Ist es echter Mehltau?


----------



## Vogel (23. Sep. 2020)

Ich würde die braun gesprenkelten Blätter definitiv auch entsorgen. Danach kannst du ja bis nächstes Jahr abwarten. Wenn sich die Pflanze nicht wieder erholt, würde ich sie auch entsorgen und eine neue resistentere Sorte pflanzen.


----------



## jolantha (23. Sep. 2020)

mareike schrieb:


> Jetzt weiß ich nicht, ob man die Blätter und Äste, die braun gesprenkelt sind, auch entsorgen muss.

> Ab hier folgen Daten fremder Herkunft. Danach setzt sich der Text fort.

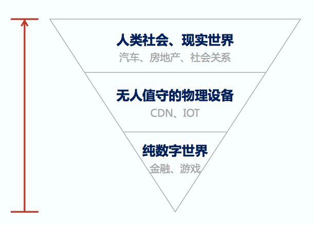 我个人把整个人类社会分为三层:最下面一层是纯数字的世界,不需要有什么物理设备的存在——交易金融、跨境支付、玩游戏、天气等场景,都没有一个物理的实体存在。区块链在这一层表现的很好,尽管还存在一些小问题。

Mareike, ausbuddeln und wegschmeißen . Wenn Du nicht zur Chemie greifen willst, wird das von Jahr zu Jahr schlimmer. 
Ich habe auch 2 rote Traubenstöcke, die jetzt rauskommen. 
    Meine haben jetzt auch noch Grauschimmel bekommen . 
Ich will das nicht mehr , also raus damit.


----------



## Ida17 (23. Sep. 2020)

Oh je Anne, diese braunen Blattränder sind Grauschimmel? 
Gibt es da außer dem Ausbuddeln keine Alternativen? Bei mir sehen ein paar Weintraubenblätter auch so aus


----------



## jolantha (23. Sep. 2020)

Ida17 schrieb:


> Oh je Anne, diese braunen Blattränder sind Grauschimmel?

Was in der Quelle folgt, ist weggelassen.